I have a 30 min MP3 that I would like to split up into 4 different MP3's something like mp3splitter for windows
thax for any suggestions at all


----------



## slur (Feb 15, 2003)

You can do this with iTunes.

- Select the track you want to split
- Use Get Info and change the start/end time of the track (in the Options tab)
- Choose 'Convert to MP3' from the Advanced menu

After this you'll have two MP3 tracks with the same name, but the new one will be a portion of the original track. Repeat the procedure to save another slice.


----------



## frog_always (Feb 15, 2003)

THANX


----------



## mo14k (Mar 28, 2011)

slur said:


> You can do this with iTunes.
> 
> - Select the track you want to split
> - Use Get Info and change the start/end time of the track (in the Options tab)
> ...



I've signed up to this Forum... JUST to thank you!!!

Thank you so much!!!

I literally spent all of last night trying to find a mp3 splitter for Mac.
Then tried Cue splitting.
Then tried Paralleling a Windows Mp3 cutter.

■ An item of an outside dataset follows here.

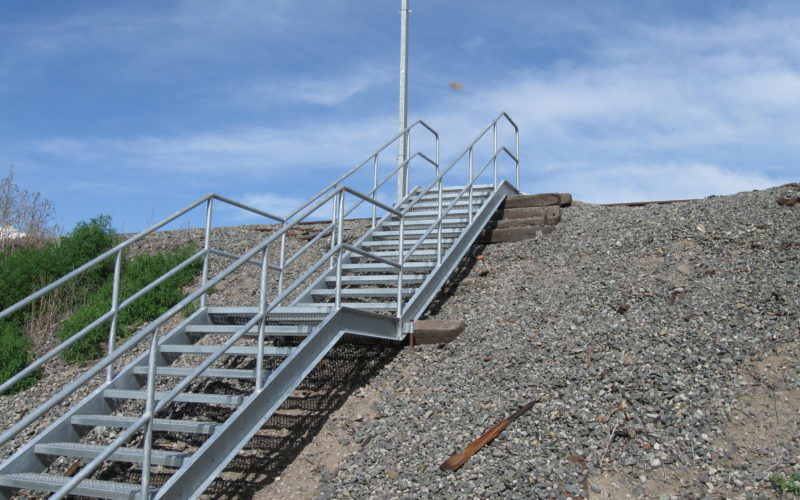 The Bright Industrial Stair Systems for Right-of-Way Applications are custom-built to provide right-of-way access to railroad buildings in steep terrain or with limited access.

To then miraculously stumble across this post and find that iTunes was the EASIEST way... BY FAR!!!

Thanks. I've repped you!!!


----------



## Tromano (Nov 10, 2011)

Hi there, trying to figure this out for myself on a mac---i have a one hour audio file that needs to be broken up into five minute bits. it's already an mp3 so the convert open isn't there.


----------